Records from a collection:
= Beginning of Section =

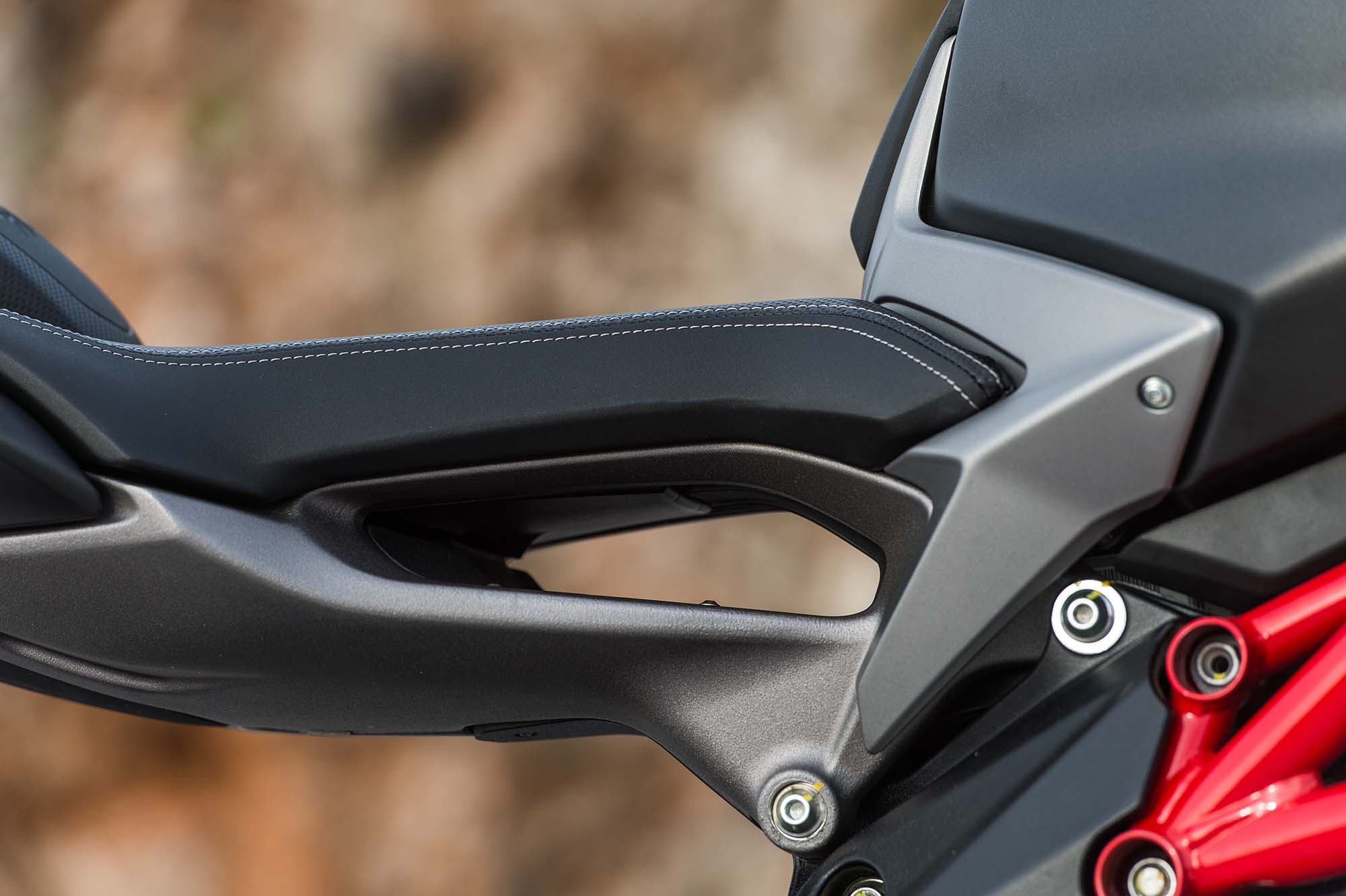 The affect doesn’t rise to the torture-rack levels of the Ducati Streetfighter 1098, but even after our short sessions through the mountains, my knee was feeling the effects of having to be the joint that gives while leaned over.
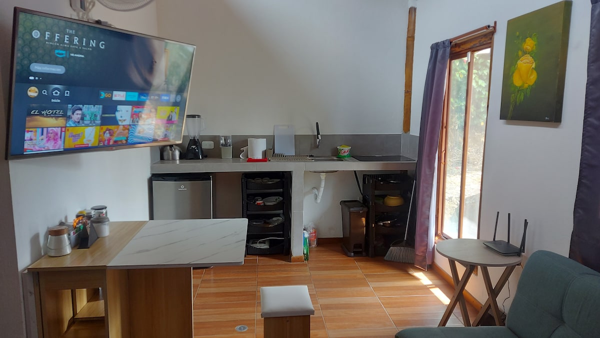 Χαλαρώστε με όλη την οικογένεια σε αυτό το ήσυχο μέρος μέσα στη φύση, με ζεστό κλίμα και υπέροχους κοινόχρηστους χώρους, το ιδανικό μέρος για να ξεκουραστείτε από τον θόρυβο της πόλης. Βρίσκεται σε μια περιοχή με υγρό τροπικό κλίμα, η θερμοκρασία της οποίας κυμαίνεται μεταξύ 21 και 30 βαθμών Κελσίου, είναι ιδανικό μέρος για την παρατήρηση πτηνών και άλλων ειδών πανίδας, όπως αμφίβια, έντομα κ.λπ. ΣΗΜΕΙΩΣΗ: η κουζίνα και το ντους είναι ηλεκτρικά, οπότε ενδέχεται να μην είναι διαθέσιμα λόγω διακοπών ρεύματος.
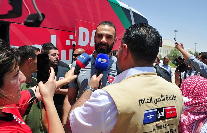 [프레스뉴스] 채정병 특파원=5일(현지시간) 오만의 무스카트 술탄 스포츠 스타디움에서 열린 국제축구연맹(FIFA) 2026 북중미 월드컵 아시아지역 3차 예선 9차전에서 오만을 3-0으로 제압하면서 요르단 역사상 최초로 월드컵 본선진출권을 획득한 요르단 축구대표팀이 요르단 퀸 알리아 국제공항에 도착한 가운데 FC 서울에서 뛰고 있는 야잔 알 아랍이 요르단 언론과 인터뷰를 하고 있다.
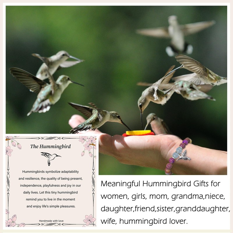 - Hummingbird Bracelet: Hummingbirds symbolize adaptability and resilience, the quality of being present, independence, playfulness and joy in ourdaily lives. When you wear this hummingbird bracelet on your wrist, just as a hummingbird encounters beauty with each new flower.
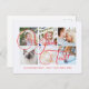 Personalized 6 family photos Universal eyecatching red Greetings Postcards featuring a stylish photo collage with 6 customized images, your greetings message in elegant chic handwritten script font, your name, date, year, message on the back in a modern and simple sans serif font.

= End of Section =

Work request: Repeat nothing but the lines from the one containing "[프레스뉴스] 채정병 특파원=5일(현지시간)" through the end of the entries, exactly, and skip the pictures.

Expected answer:
 [프레스뉴스] 채정병 특파원=5일(현지시간) 오만의 무스카트 술탄 스포츠 스타디움에서 열린 국제축구연맹(FIFA) 2026 북중미 월드컵 아시아지역 3차 예선 9차전에서 오만을 3-0으로 제압하면서 요르단 역사상 최초로 월드컵 본선진출권을 획득한 요르단 축구대표팀이 요르단 퀸 알리아 국제공항에 도착한 가운데 FC 서울에서 뛰고 있는 야잔 알 아랍이 요르단 언론과 인터뷰를 하고 있다.
 - Hummingbird Bracelet: Hummingbirds symbolize adaptability and resilience, the quality of being present, independence, playfulness and joy in ourdaily lives. When you wear this hummingbird bracelet on your wrist, just as a hummingbird encounters beauty with each new flower.
 Personalized 6 family photos Universal eyecatching red Greetings Postcards featuring a stylish photo collage with 6 customized images, your greetings message in elegant chic handwritten script font, your name, date, year, message on the back in a modern and simple sans serif font.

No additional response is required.